Taken in this light, I wonder if Paul’s thorn wasn’t a persistent, nagging reminder of who he was in his past, Saul, the cruel, unrelenting persecutor, one who captured new converts and returned them to Rome in chains, a Pharisee among Pharisees who looked on approvingly as believers were martyred. How often does the enemy remind you of your sinful past, pointing out your hypocrisy, your flaws, your grievous falls into temptation. I wonder if the thorn in Paul’s side was just a constant temptation to feel guilt and shame for who he used to be before his extraordinary encounter with the risen Christ. This seems reasonable to me because of God’s response to Paul’s three-time request to remove it completely from him: “My grace is sufficient for you, for my power is made perfect in weakness.” (2 Cor. 12:9).

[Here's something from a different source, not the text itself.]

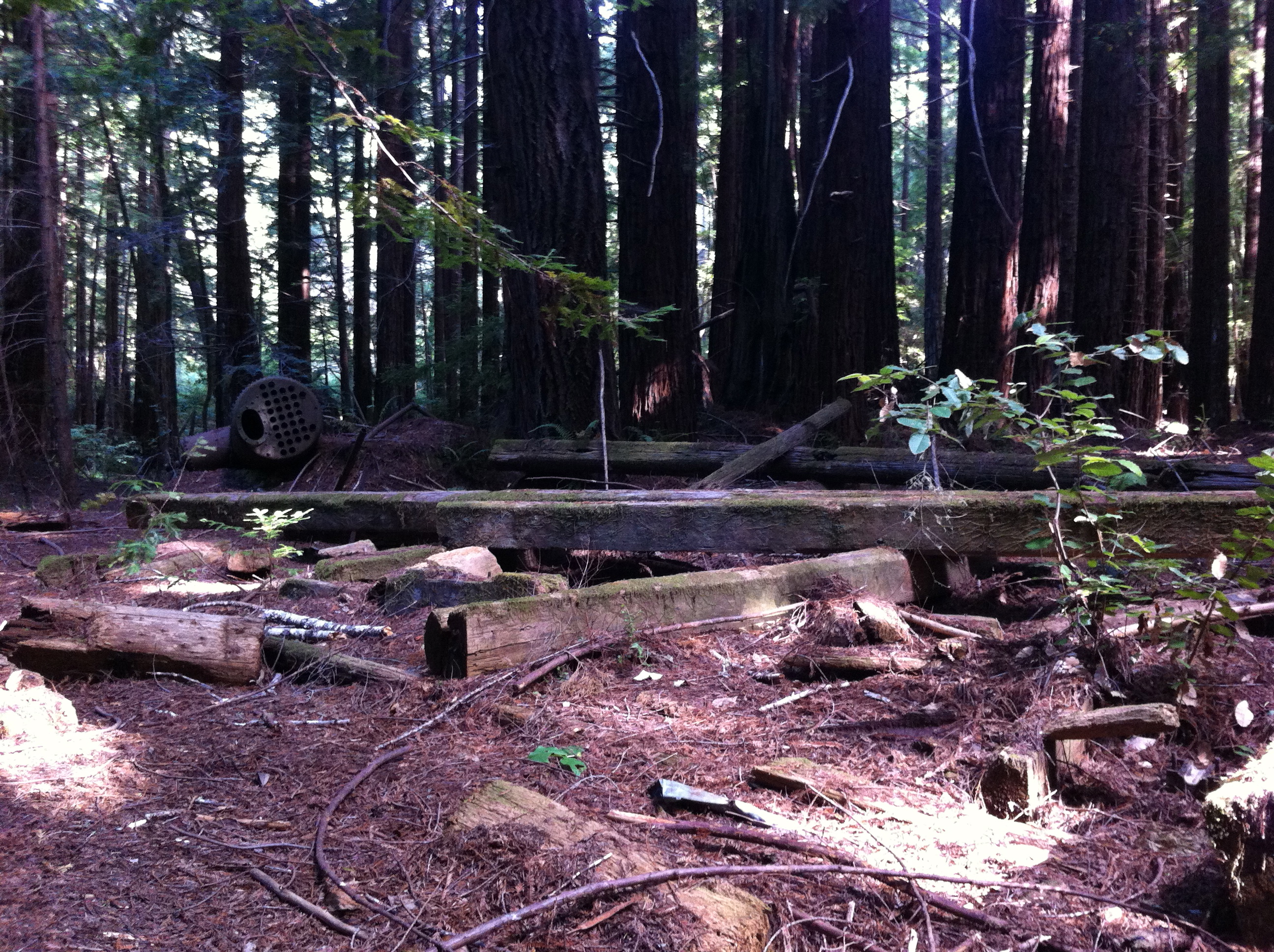 Working our way through the trees we came across the remains of an old shingle mill left behind from the logging days. Not much is left of the mill, other than a few large Redwood beams and an old boiler. One of the long beams was balanced like a teeter-totter so that you can make the whole thing move by standing on one end. Looking at the size of the old stumps, I am amazed that it was even possible to haul those trees to a mill!

God says He did not remove the thorn because doing so would have allowed Paul to depend on himself rather than leaning on God’s unmerited favor. It is when we are completely and utterly dependent on that grace, that favor that we do not deserve and could never earn for ourselves, that God’s power can have its full effect in our lives. Only then can we obey and allow God to work in and through us to complete His will.
So, friend, if you are stepping out in faith to follow Christ, if you are willing to take those first baby steps to obey His calling, be ready! There may be a slithering snake in the driveway. There may be major obstacles on the horizon. There may be an accuser asking you, “Who do you think you are? Remember who you used to be?”.
Take heart—- you are in good company! Yes, we have an adversary. But remember, we also have an Advocate in the person of Jesus Christ! His grace is sufficient for you.